Janet King: Playing Advantage (streaming Mondays on Acorn TV): How I wish Janet King had met Kyra Sedgwick’s Brenda Leigh Johnson from The Closer. The tough Australian prosecutor, played by Marta Dusseldorp (who won an Australian Film Institute Best Actress Award for the role), is just as unsparing and confrontational when it comes to probing for an unsavory truth. In the eight-part third season, with two episodes launching each Monday through July 24, Janet joins a national crime commission investigating corruption and organized crime involvement in the sport of cricket, with a game-fixing scandal leading to the apparent suicide of a young player and the torching of a home of another. Though Janet knows little more about cricket than I do, she is a master at the game of justice.

Preacher (9/8c, AMC): Is Jesse Cutler (Dominic Cooper) looking for God in all the wrong places? It sure looks that way as he visits one sordid jazz club after another in New Orleans, while Tulip (Ruth Negga) frets that her return to the city will expose one of her darkest secrets. Jesse might be sympathetic to her needs if he weren’t so busy tangling with a sinister gang of Men in White, apparently part of a “super-secret crypto-religious fascist organization with designs on total world domination.” As one does. And in case you’d been wondering where in the literal Hell poor Eugene (Ian Colletti) had disappeared to, we get a taste of his current situation, while reliving the incident that gave him his a—-face.

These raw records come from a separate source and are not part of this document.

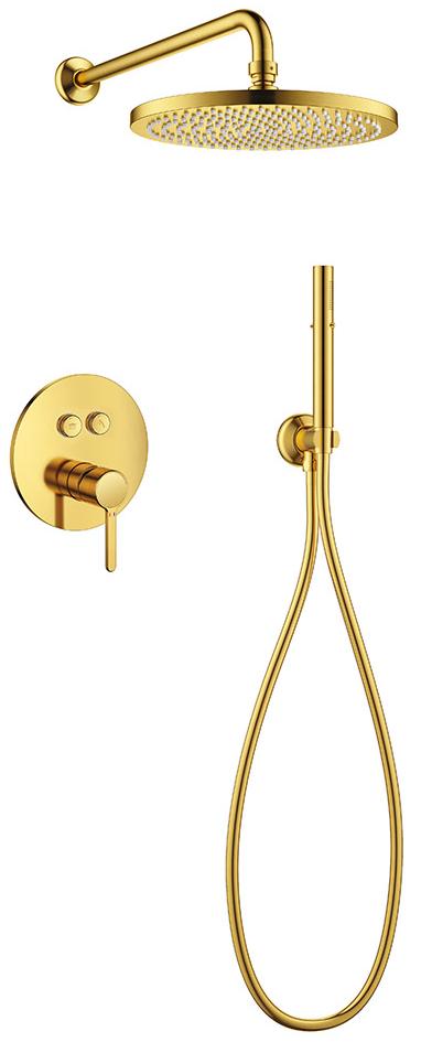 ECO-DSET-BORO Душевой набор (встраиваемый смеситель с кнопочным управлением, верхний душ диаметр 25 см, ручной душ со шлангом, штуцером и держателем), брашированное золото
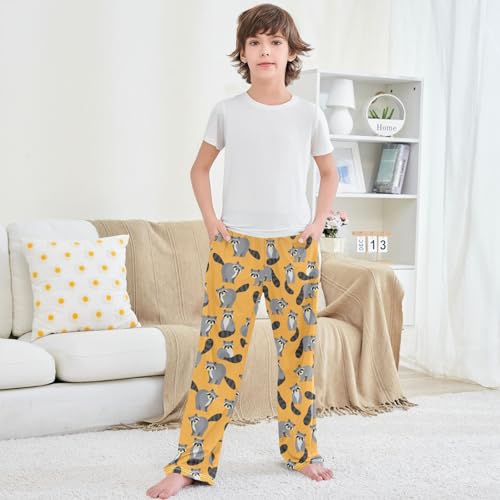 Boy's Pants Raccoon on Orange Jogger Pants Elastic Waist Long Bottoms Trousers with Pockets 6-14 Years 4
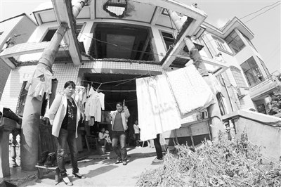 10月16日,浙江省绍兴市,几位来自安徽、河南等地的农民工正在市区东浦镇塘湾村一座被拆掉三楼房顶、部分阳台、墙壁门窗、摇摇欲坠的危楼中生活着。
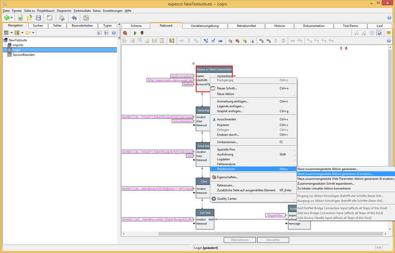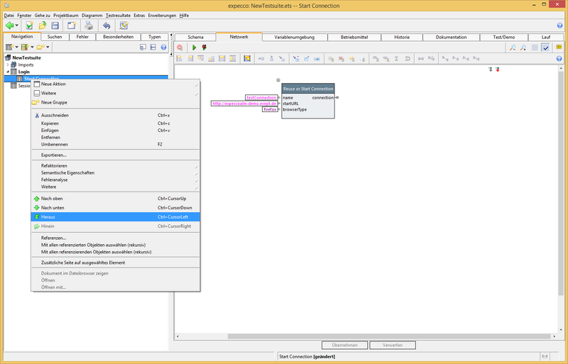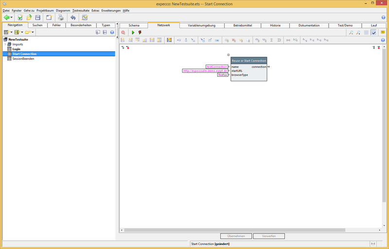 - Rechtsklick auf Baustein "Reuse or Start Connection"
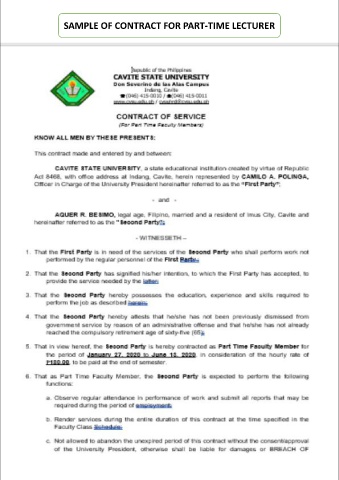 SAMPLE OF CONTRACT FOR PART-TIME LECTURER
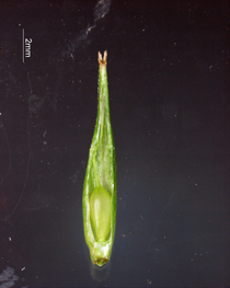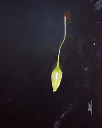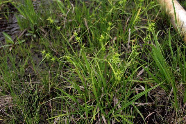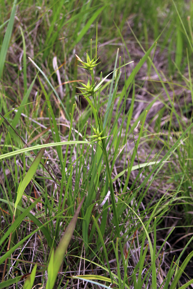 【同定のカギ】湿原の周辺に生える多年草。小穂は、花茎の上部に集まる。頂小穂は雄性で直下の雌小穂に続く。鱗片は淡褐色で中肋部分は緑色。果胞は、熟すと開出し、雌鱗片より長く、稜間に多数脈があり、無毛、長嘴で縁に細鋸歯があり、黄緑色、口部は2歯、基部は肥厚する。柱頭は3岐。Carex dolichocarpa C.A.Mey. ex V.I.Krecz. 【国内分布】北海道、本州(中部地方以北、岡山県)、九州(大分県)。【国外分布】千島、カムチャツカ。 【ノート】ミタケスゲは、北海道や中部地方以北に多く見られるが、中国地方や九州にも隔離分布する。
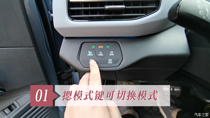 ②一般都是在auto状态,就是自动状态,灯光是自动调节。Mode点触一下,就是开启近光灯,这时候近光灯和示廓灯都亮起来了。
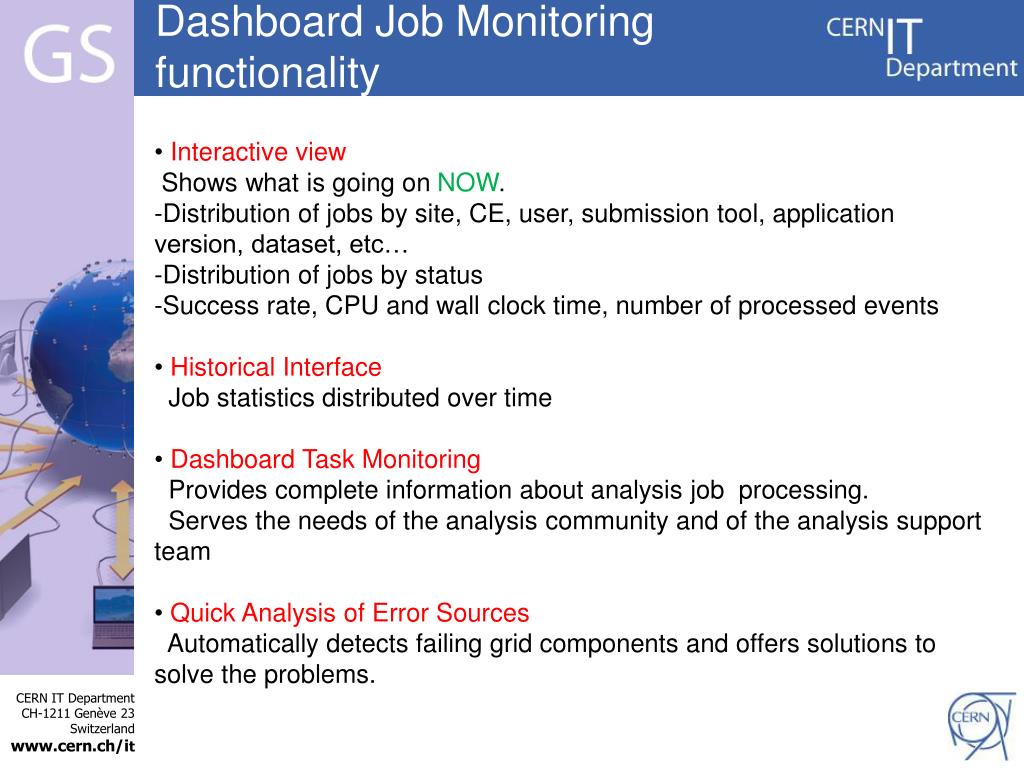 Dashboard Job Monitoring functionality • Interactive view Shows what is going on NOW. -Distribution of jobs by site, CE, user, submission tool, application version, dataset, etc… -Distribution of jobs by status -Success rate, CPU and wall clock time, number of processed events • Historical Interface Job statistics distributed over time • Dashboard Task Monitoring Provides complete information about analysis job processing. Serves the needs of the analysis community and of the analysis support team • Quick Analysis of Error Sources Automatically detects failing grid components and offers solutions to solve the problems.
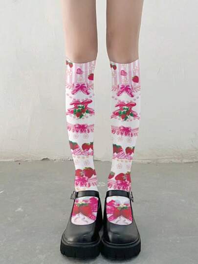 1pc Women's Strawberry Print Thin Long Tube Stockings For Spring And Autumn - Multicolor - View 1
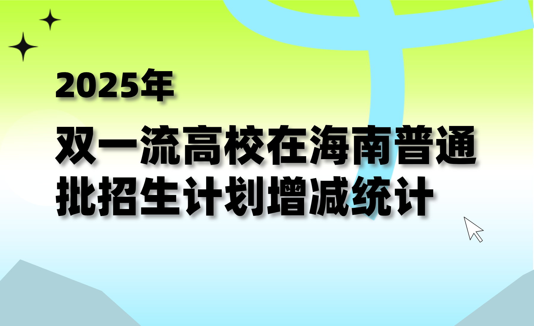 2025年双一流高校在海南普通批招生计划增减统计:招生计划总数较2024年增加1230人
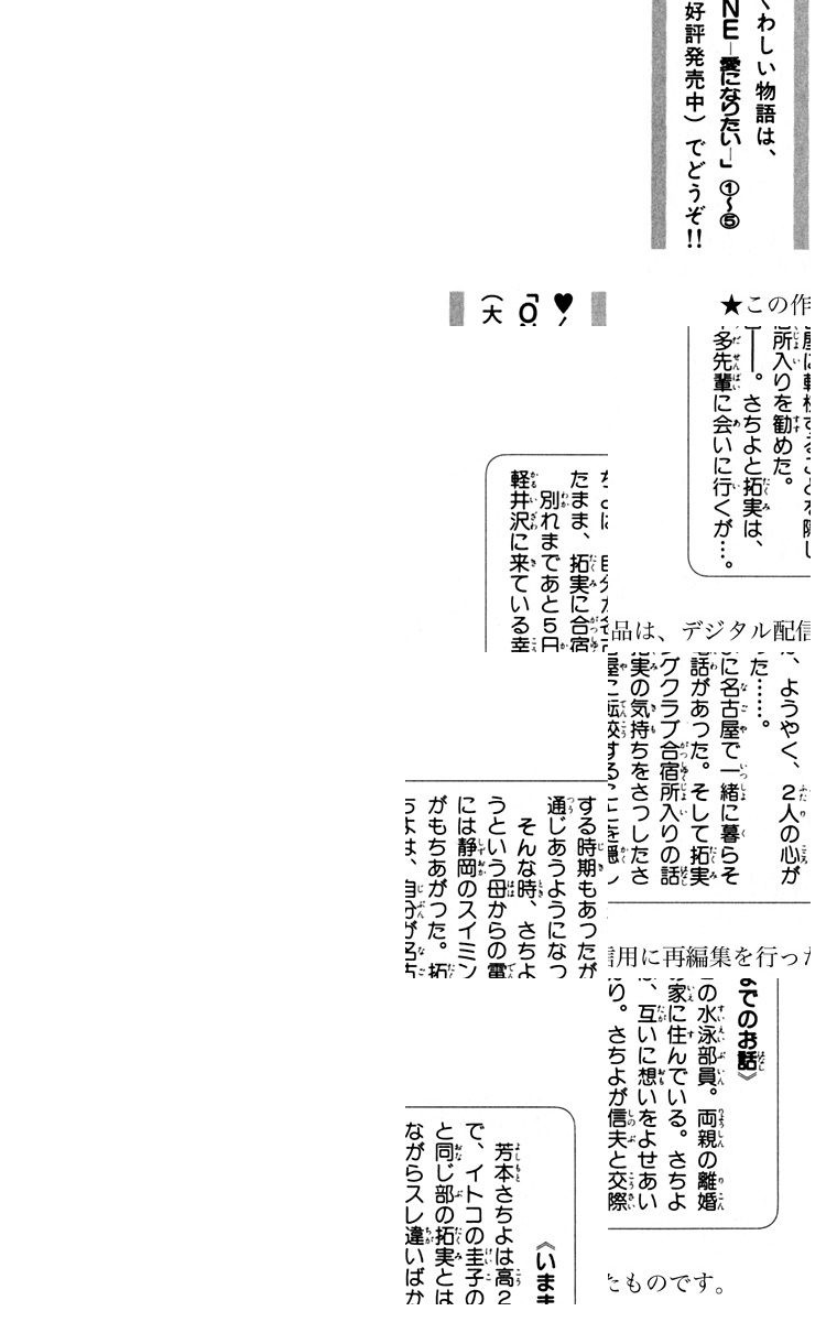 【友達のままでいいの?】芳本さちよは高校1年生。家庭の事情で、いとこの圭子の家で暮らす身の上だが、水泳部ではつらつ活動中。はじめは幸多先輩に憧れていたけど、同級生の拓実のやさしさに気づき、ほのかな恋が芽生える。ところが圭子も拓実を好きで、さちよの恋は前途多難に! 内気な女の子の切ない恋が始まる第1巻!
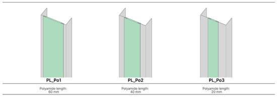 The second group of models was designed to mitigate the thermal bridge effect of the steel studs by incorporating a less-conductive material into the web section. Specifically, a rigid polyamide element was introduced in the middle of the web, oriented vertically. In order to determine whether the width of the polyamide member would influence the heat flux, three models were proposed, each featuring a different width for the added material (60 mm, 40 mm, and 20 mm) (see Figure 6).
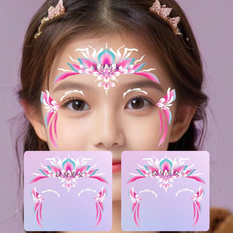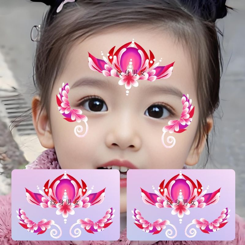 【子供公園カラーステッカー】赤桃姫額と目元のペイントステッカー、手の甲と手首の花のタトゥーステッカー
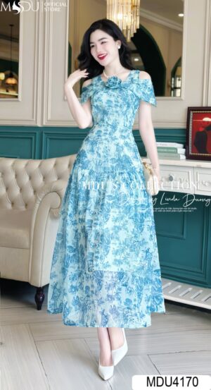 Váy Thiết Kế MDU4170 Dáng Tiểu Thư Trễ Vai Hoạ Tiết Hoa Xanh Mix Hoa Đính Ngực Thanh Lịch
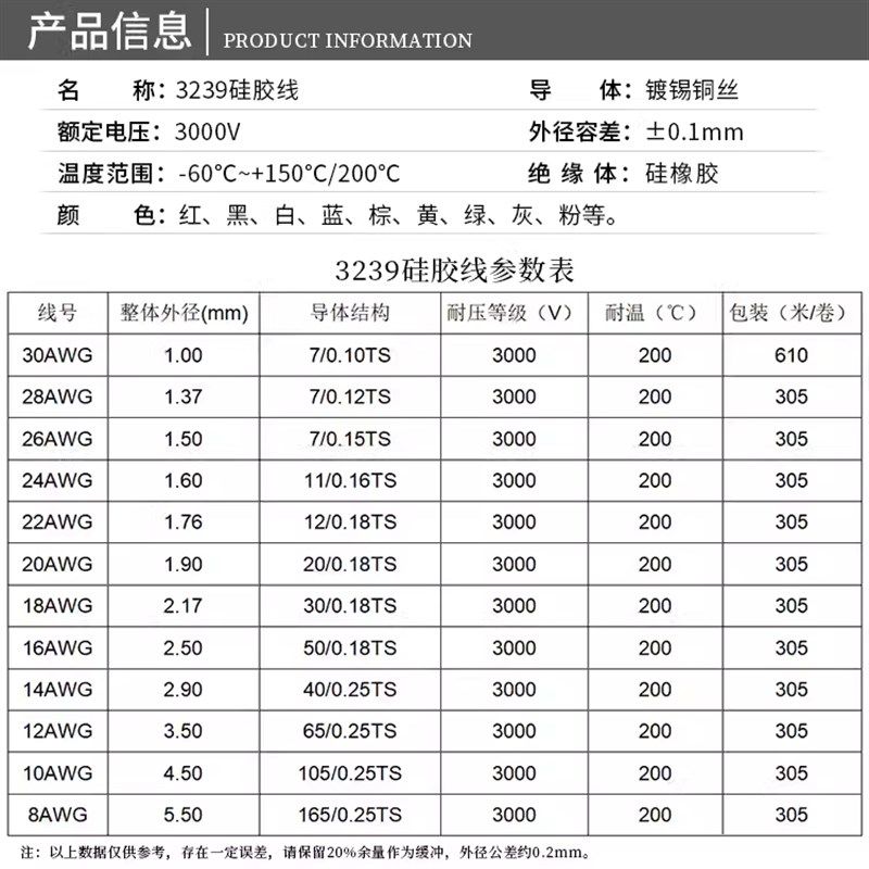 200度高温导线 20AWG柔软耐高温 3KV高压电线 3239硅胶线24
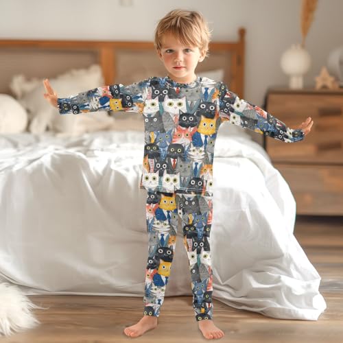 ALAZA Cat Animal Puppy Watercolor Pajamas Long Sleeve Sleepwear 2-Piece Pajama Set 1
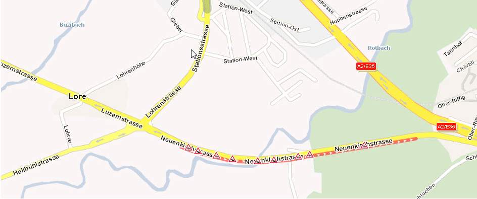 In our map traffic jam is displayed:
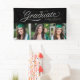 With a stylish script "graduate" in a trendy ribbon script, this three photo graduation banner is the perfect way to celebrate your senior. This black and white design by Lea Delaveris Design features three photos along with room for customizable text including name, school, year and more. This preppy graduate banner is great for high school graduation parties, college graduation parties and more. Find more coordinating designs and other styles in the collection.
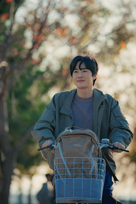 공개된 사진 속 수호는 봉예분(한지민 분)과 청춘 로맨스의 한 장면을 담은 듯 아름다운 풍경을 배경으로 자전거 데이트를 즐기는 모습과 함께 따뜻한 눈웃음을 보여줘 포근한 분위기로 보는 이들을 흐뭇하게 만든다.
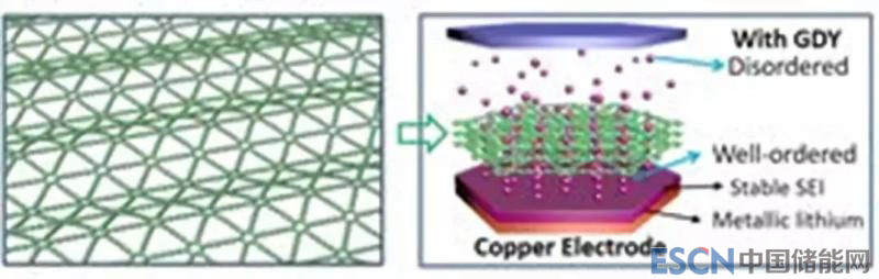 石墨炔結(jié)構(gòu)(左圖)及其在抑制鋰金屬電池中鋰枝晶生長(zhǎng)的應(yīng)用(右圖)
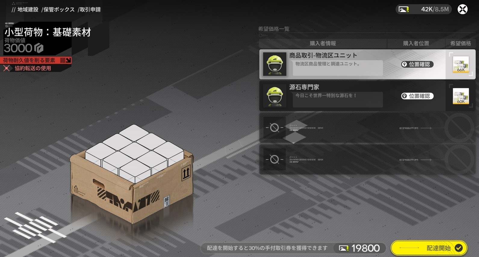 保管ボックスの配達任務は1か所につき1日1回しか受けられません。四号谷地では1日最大3件まで受注可能なので、谷地取引券を稼ぐのチャンスを逃さないようにしましょう。

Inside Monday TV: In a repeat of the one of last season’s more uproarious episodes of CBS’s Mom (9/8c), the AA gang—Christy (Anna Faris), Bonnie (Allison Janney), Jill (Jaime Pressly) and Wendy (Beth Hall)—accidentally get high when pilfering cookies from Adam (William Fichtner), unaware they’re laced with pot. What will Marjorie (Mimi Kennedy) think? … PBS’s POV(10/9c, check local listings at pbs.org) returns to the tragedy of the Syrian conflict in the documentary film The War Show. The uprising against the Assad regime, and subsequent violent crackdown, is seen from the perspective of radio DJ/activist Obaidah Zytoon, the film’s co-director and narrator, as she and her friends join the protest, at first with hope and eventually with despair.